Bootstrapping: take a bootstrap sample (sample with replacement):

  1. Fit your model in your bootstrap sample (on average 63.2% of our data)
  2. Assess your model in the cases not selected by the bootstrap (on average: 36.8% of our data): Predict outcome and calculate the MSE
  3. Repeat the bootstrap 100-1000 times and average the MSEs and use this as an estimate of internal validity!
  4. Again, the final model is estimated using the whole data set!

Better bootstrap approaches are available (i.e. 0.632+)

61
Q

Which one should be chosen? split-sample methods, cross- validation or bootstrapping?

A

Research and simulations showed that that split-sample analyses gave overly pessimistic estimates of performance, with large variability.

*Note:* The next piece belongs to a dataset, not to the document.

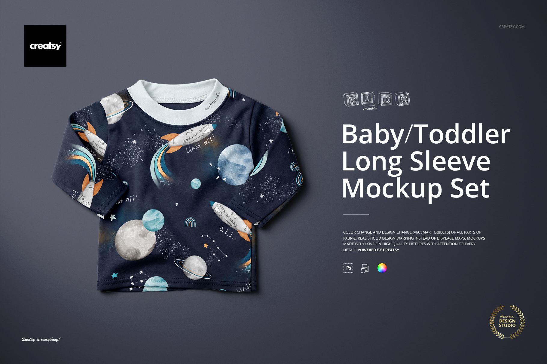 Baby and Toddler Long-Sleeve Sweatshirt Mockup Set template by Creatsy provides high-quality pictures perfectly warped into stunning PSD baby clothing mockup scene files you can mock up with your design. The well-organized, customizable Adobe Photoshop layers of the mockup set enable you to showcase your design realistically. This baby sweatshirt mockup template set gives you both the front of the infant sweatshirt and back of the jogging suit top. The toddler practice jersey mockup features a cover-stitched, ribbed crewneck collar, cuffs, and hem with serged sleeves and side seams. The lightweight infant’s sweatsuit top can be used as long-sleeve pajamas with sweatpants or over a blouse with jeans. It is guaranteed to keep babies at the right temperature while dressing for comfort and style, making it the perfect piece of apparel for every infant. A versatile garment, little ones are sure to be ready for any occasion while showing off your custom illustration and pattern designs on these baby mockups. Your motifs and patterns take center stage on the cotton fabric of actual kids’ clothes in this toddler clothing tracksuit mockup. With easy-to-edit smart objects and color layers, elements can be relocated, fully customized, or removed—completely personalized to fit your needs. Excellent for artists, surface pattern designers, and hobbyists alike, these kids’ apparel mockups will enhance your brand, professionally elevating the portfolio of every creator.

Also insufficient as don’t use whole dataset to estimate parameters

5-10 cross-validation usually has low bias and low variability and often performs best.

Bootstrapping performs similar well to k-fold cross validation unless sample size is small - thereby Usually doesn’t matter if use k fold cross validation or bootstrapping but cross validation typically preferred

62
Q

Can bootstrapping be used for optimism correction?

A

Yes

63
Q
  1. The cross validation estimate is an estimate of what?
  2. What issues may arise with this?
A
  1. How the results will generalize to an independent data set of the same population (internal validation)
  2. However, internal validation may not be sufficient and indicative for the model’s performance in future patients.

Problem: Our sample is usually not a random sample of the clinical population.

64
Q
  1. What is essential before implementing prediction models in clinical practice?
  2. How is this done?
A
  1. External validation
  2. By a completely new data set collected at a different time, different location and ideally by different researchers -> Assessing the clinical population of interest!
65
Q

What are three different types of external validity?

A

Temporal validation – e.g. same investigators, cross-validate in recent years

Spatial validation (other place) – e.g. same investigators, cross-validate in centres

Fully external – e.g. other investigators, other centre , different times

66
Q

How is optimism calculated?

A

Optimism = Apparent validation estimate – Internal validation estimate

67
Q

Why is the apparent validation estimate usually larger compared to internal?

A

Due to optimism

68
Q

We use all data for model development to get optimal efficiency and then apply internal validation procedures using cross-validation or bootstrapping to estimate performance in new data of the same underlying population.

What does this correct for?

A

Optimism of our performance measures derived from the apparent data set and get (nearly) unbiased performance estimates for prediction of new cases of the same population.